Exercise prompt: Print the line that contains "Поэт в возрасте 6-8 лет", then every line after it until the entries end, exactly as they read; do not include pictures.

(Records from a collection)
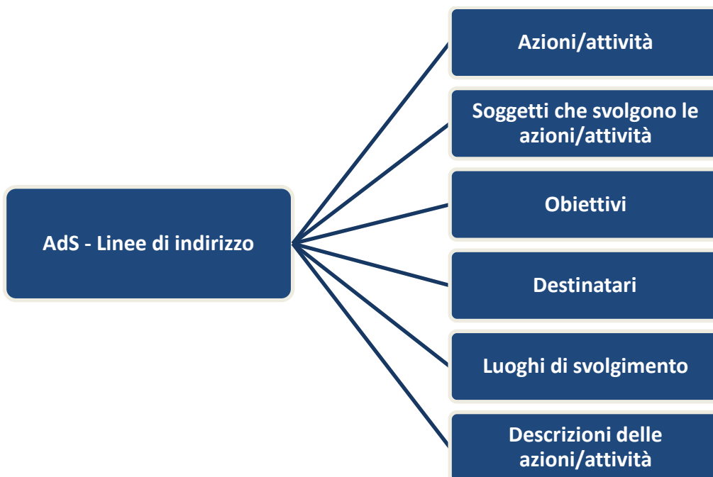
Figura n. 1 – Linee di indirizzo AdS: schema di sintesi degli elementi considerati
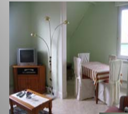
Wohnzimmer mit Essecke
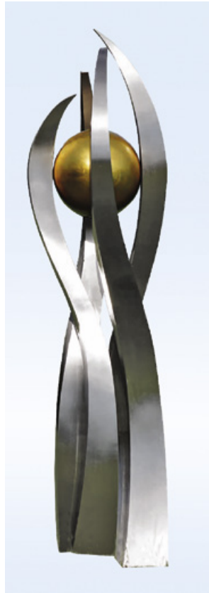
F. Schilcher, Goldkugel
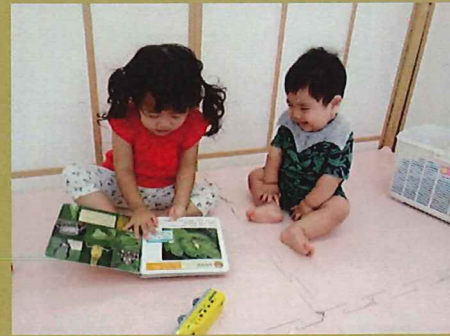
小さなお友だちに読んであげる姿も… ✨
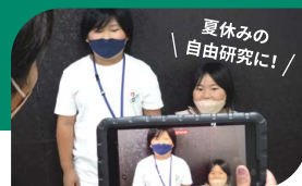
最少催行人数4名 ※送迎バスはありません。
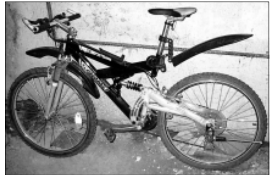
See jalgratas leiti Roheline tn 20 hoovist. Ratta kaotajal helistada telefonil 056 495 436.
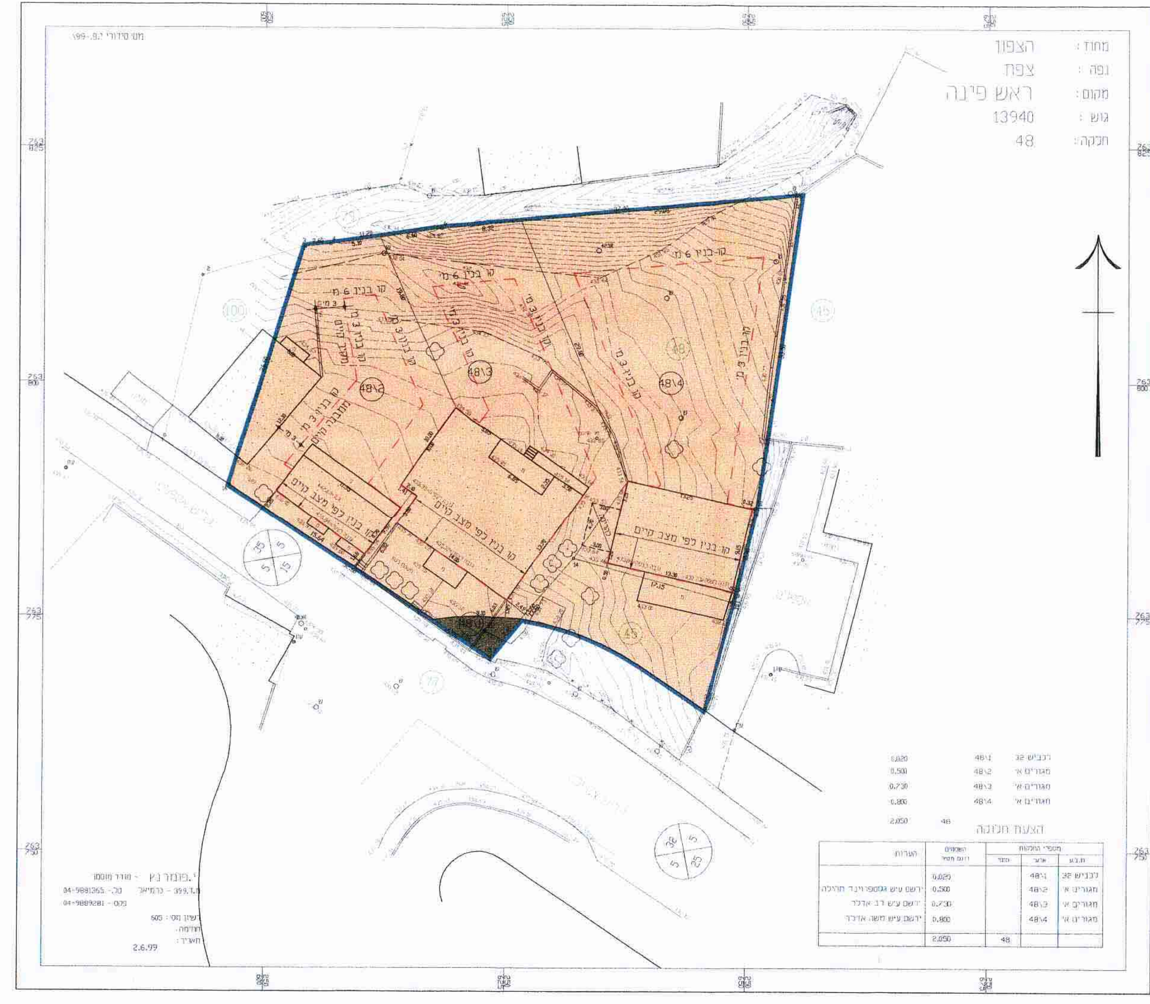
מצב מוצע ק.מ. 1-250
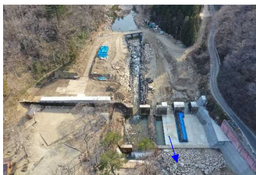
不動尊砂防堰堤（改築）
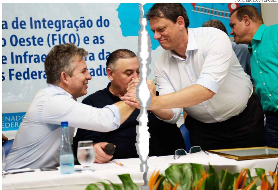
Visita do ministro a Mato Grosso: corte de recursos

Na ocasião, foi lançado o edital para obras de dre-
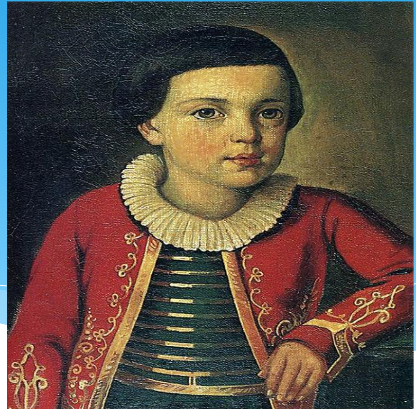
Поэт в возрасте 6-8 лет
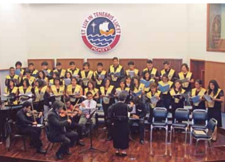
Concierto de lujo. El Coro y Conjunto de Cámara PUCP organizó su propia bienvenida al cachimbo y deleitó a toda la comunidad universitaria con un repertorio de Tchaikovsky , Mozart y Haydn .

Solution for this problem:
Поэт в возрасте 6-8 лет
Concierto de lujo. El Coro y Conjunto de Cámara PUCP organizó su propia bienvenida al cachimbo y deleitó a toda la comunidad universitaria con un repertorio de Tchaikovsky , Mozart y Haydn .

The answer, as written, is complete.